In most of the situations, it is probable that in the summertime the initial concentrations of nitrate and phosphate will be declining downstream or being maintained at fairly low levels by additions from land surfaces.
Similarly, the general level of the major ions will be rising from addition from the land and the streambed. Even further downstream in the large river, the acquisition of major ions continues and the diurnal fluctuations become less pronounced, although they continue to be measurable.
Seasonal fluctuations of discharge with the variations in total dissolved matter, turbidity, oxygen content, etc. tend to replace more irregular local weather fluctuations observed in the smaller streams.
The effects of nitrate and phosphate on running water are rather indirect. In a uniform reach with no additions along its length, these ions tend to decline in amount because of the uptake by plants. The numbers of algae growing on surfaces of rocks and rivers tend to increase downstream, presumably, because there are more nutrients. Any increase of growth caused by sewage is usually attributed to the increased supplies of nutrients.

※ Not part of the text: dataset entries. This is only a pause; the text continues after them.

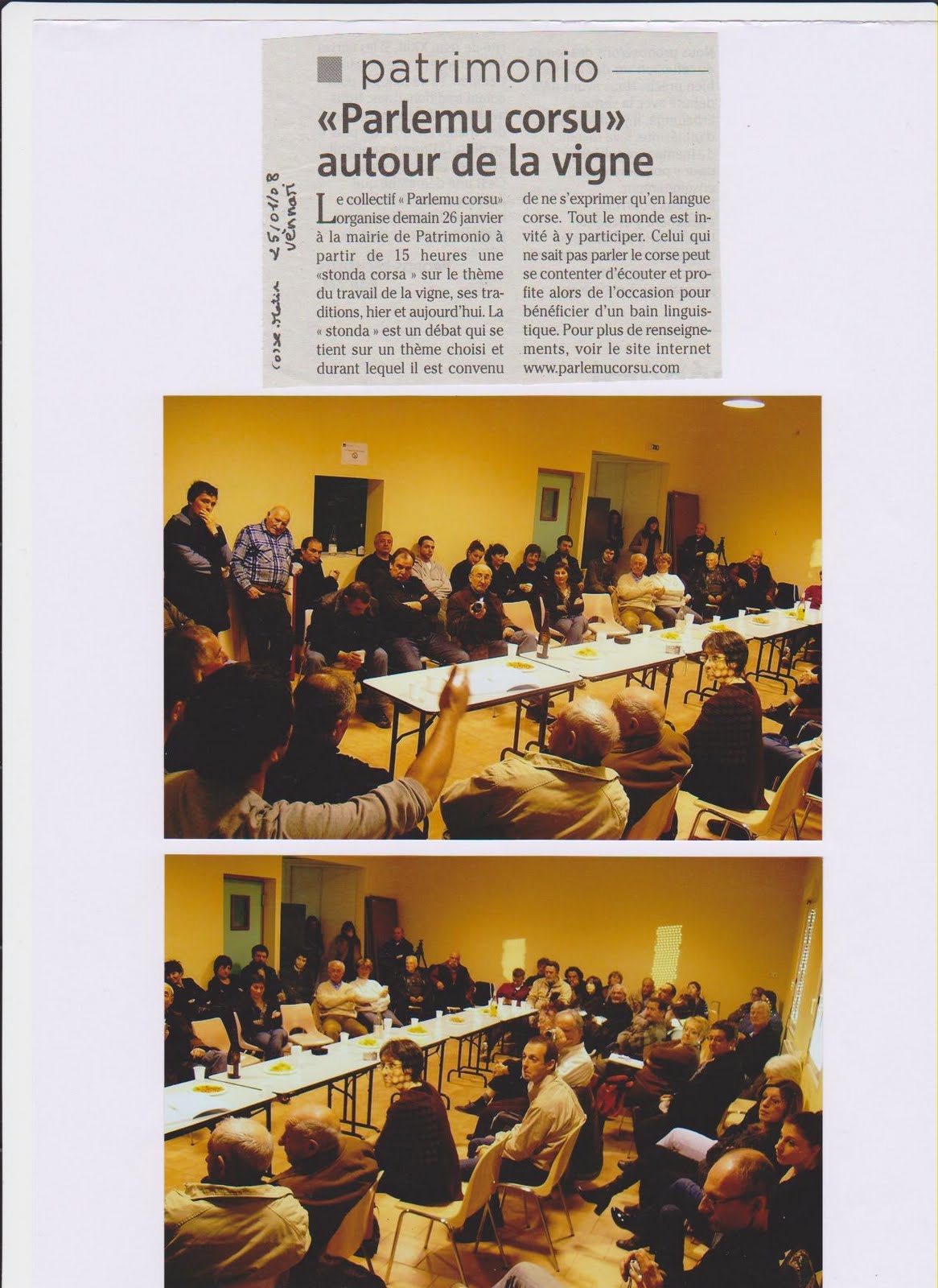 In a sala di a mirìa di Patrimoniu s’èrani aduniti guasgi 80 parsoni : i vinaghjoli di u circondu, in attività o à a ritirata, tutti cuntenti d’essa vinuti par isprìmasi à nantu à u so mistieru è dinò l’abitanti di u locu è ancu d’al di là (di Bastia, di a Castagniccia, di u Niolu, di Portivechju…).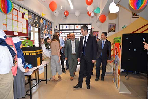 Açılış sonrası çocukların hazırladıkları projeler gezilerek, çocuklardan projeleri hakkında bilgi alındı.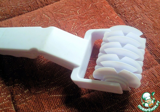 Давно хотела приобрести валик для формирования из теста сетки (не знаю даже как правильно он называется). но то он мне упорно не встречался, а в редкие наши с ним встречи в магазинах его цена не очень радовала. А тут случайно увидела на раскладке среди китайских товаров, цена, как понимаете была очень приемлемая, и я не смогла пройти мимо. Естественно, что мне сразу же захотелось пустить его в дело да и рецептик подходящий имелся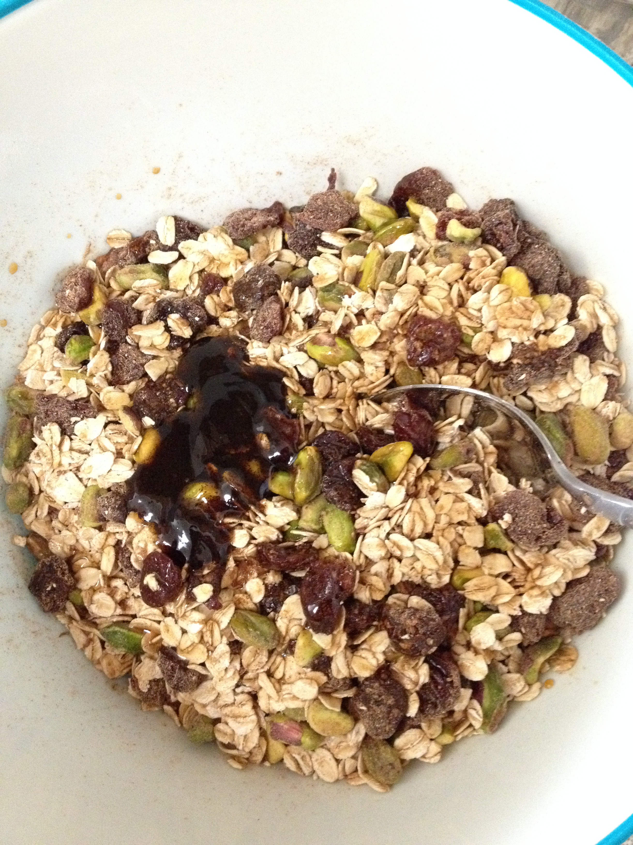 3. In large bowl add all dry ingredients, cherries, and pistachios, mix well.

The increases observed below lakes may be caused by nitrogen fixation in the lakes or by the slow release of phosphate from littoral deposits during warm weather. Some nitrogen fixation may occur in running water if some nitrogen fixing organisms are present.
However, it has been observed that the amount of algal growth increases at points where rivers flow through areas that are rich in nitrate and phosphate.
All these observations lead to the conclusion that in many running waters, one or both of these ions is in adequate supply for maximum growth of attached algae.